Esistono numerose popolazioni/ecotipi locali, tra le quali ricordiamo:

  • Cece nero della Murgia
  • Cece di Cicerale (SA)
  • Cece della Merella (AL)
  • Cece pizzuto (AQ)

In Italia settentrionale centrale il cece si semina in primavera e si raccoglie in luglio-agosto. Nelle aree meridionali e insulari è possibile la semina autunnale per anticipare la raccolta. Affine al cece è la Cicerchia (Lathyrus sativus), una leguminosa da granella molto rustica. In epoca storica la cicerchia era diffusa in tutta l’area mediterranea, Italia peninsulare compresa, e nell’Italia del Cinquecento e del Seicento compariva anche sulle tavole dei Grandi, come risulta dalle citazioni di importanti testi gastronomici. In alcune zone del centro sud Italia il consumo di cicerchia era così diffuso e frequente  fino alla prima metà del secolo scorso da dar luogo a fenomeni di intossicazione a causa degli alcaloidi presenti nel seme.

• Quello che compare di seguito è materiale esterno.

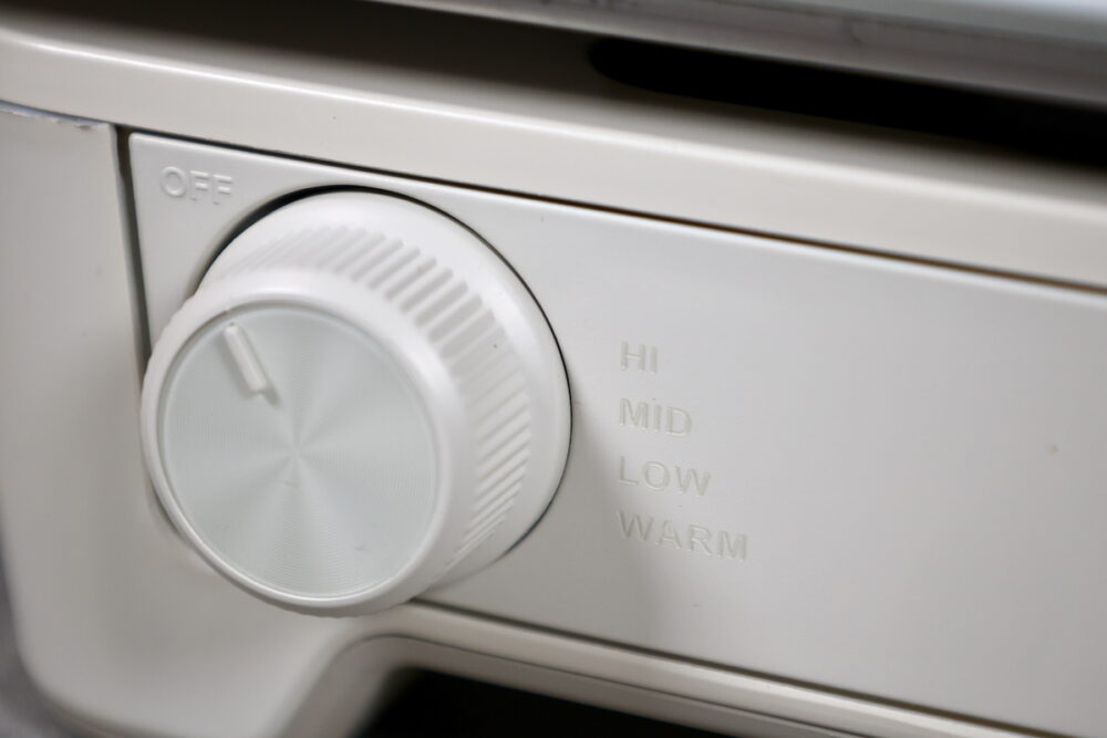 温度調整ダイヤルによって、温度は4段階に調整できる。一番スタンダードなのがMID(190℃)で、これはどんな料理でも使いやすい。焦げやすい食材に適しているのはLOW(150℃)。HI(250℃)は最後のひと加熱、高温で焦げ目をつけたい時に使う。WARM(100℃)は出来上がった料理の温度維持に使える。

Valori nutrizionali (per 100 g) 

Cotto*

GDR **

Energia

135 kcal

Proteine

8,9 g

 

Glucidi

18,7 g

Lipidi

2,5 g

 

Fibre

8,6 g

30 g

Sodio

6 mg

Ferro

2,8 mg

14 mg

Fosforo

132 mg

700 mg

Magnesio

53 mg

375 mg

Potassio

335 mg

2000 mg

Vitamina B9

100 µg

200 µg

 * Ciqual 1995 ** Dose Giornaliera Raccomandata

Il parere del Nutrizionista

Il cece è ricco di magnesio, ferro, fosforo e di fibre. E’ ricco di vitamina B9, indispensabile per la produzione e il rinnovo cellulare. La sua capacità nutrizionale ne fa uno dei legumi secchi più utili al nostro organismo.

Porzioni

  • porzione per un bambino: un piccolo pugno
  • porzione per un adulto: due pugni medi

Curiosità

Nel mondo antico ai ceci si attribuivano virtù afrodisiache, oltre che nutritive.
Presso i Romani il termine “cicer” era anche un soprannome dato a chi aveva sul volto un'escrescenza a forma di cece, e fu per questo che il celebre oratore Marco Tullio Cicerone venne così appellato.

Suggerimenti in cucina

  • Il cece è l’ingrediente ideale per un buon couscous. Assieme a cipolla, peperoni, melanzane, zucchine serviti con il semolino, sono un piatto molto nutriente e ricco di sostanze utili all’organismo.
  • I ceci, inoltre, nella tradizione culinaria italiana sono un legume buono tutto l’anno: d’inverno, uniti con del brodo a della pancetta rosolata in padella con un po’ d’olio, cipolla, carota, sedano e poi frullati sono un ottimo primo piatto caldo e gustoso. D’estate, invece, con delle foglioline di spinaci freschi e dadini di mozzarella di bufala, conditi con un buon mix di olio, aceto, senape, sale, pepe e semi di cumino pestati, i ceci danno vita ad un’insalatona fresca e nutriente.